Re: formatted output question with strings

From:
 James Kanze <james.kanze@gmail.com>
Newsgroups:
comp.lang.c++
Date:
Tue, 24 Jul 2007 09:27:05 -0000
Message-ID:
<1185269225.821179.38670@22g2000hsm.googlegroups.com>
On Jul 23, 12:45 pm, Juha Nieminen <nos...@thanks.invalid> wrote:

Jojo wrote:

I'll look that up. At first glance, the C++ method seems much less
'comprehensive' than sprintf. But I think it's better for me to get rid
of my plain-C habits when coding C++ :-)


  The C-style format string functions are compact, relatively easy
to learn and remember, and fast.


They're compact. That's all you can say for them. They're
very, very limited in what they can do, however, and they're
very, very low level, and don't support higher level
abstractions. They also quite exoteric; even after 25 years of
using them, and actually having written an implementation of
printf, I still have to check with the manual for anything but
the simplest formatting.

Once you get the hang of them, it's
very easy to perform relatively complex formatting with a very small
amount of code which only takes a small amount of time to write.

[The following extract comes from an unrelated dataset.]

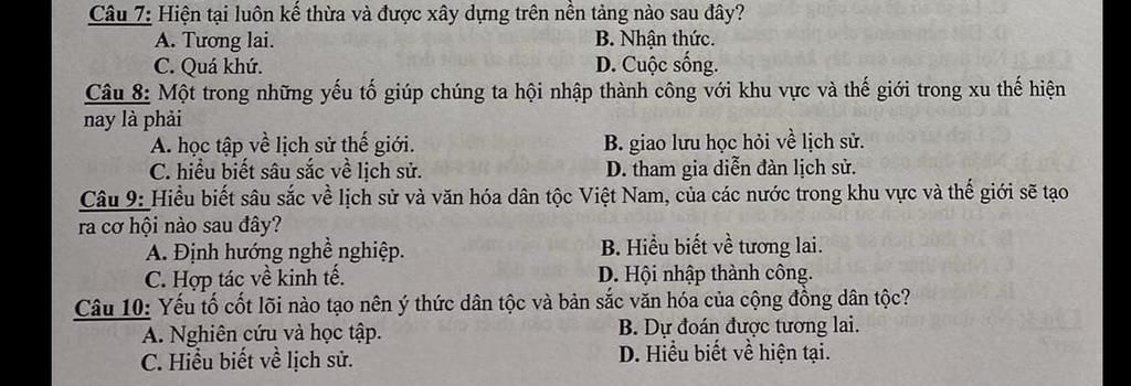 Giải thích: Khi hiểu rõ về lịch sử và văn hóa của các dân tộc, chúng ta sẽ có sự tôn trọng, thấu hiểu và dễ dàng hòa nhập với cộng đồng quốc tế.

And it's impossible to write any maintainable code, because the
low level formatting details creep down into the high level
output statements.

Also, you never need to worry if some formatting setting "leaks" or
not (ie. if the stream will "remember" that setting or forget about
it immediately after printing the value).
  The C++-style printing functions are much more verbose, and a
complex C one-liner can easily become over a dozen of lines of C++
(or, alternatively, a dozen of << operator calls in a row) using
diverse function names from <iostream> and <iomanip>.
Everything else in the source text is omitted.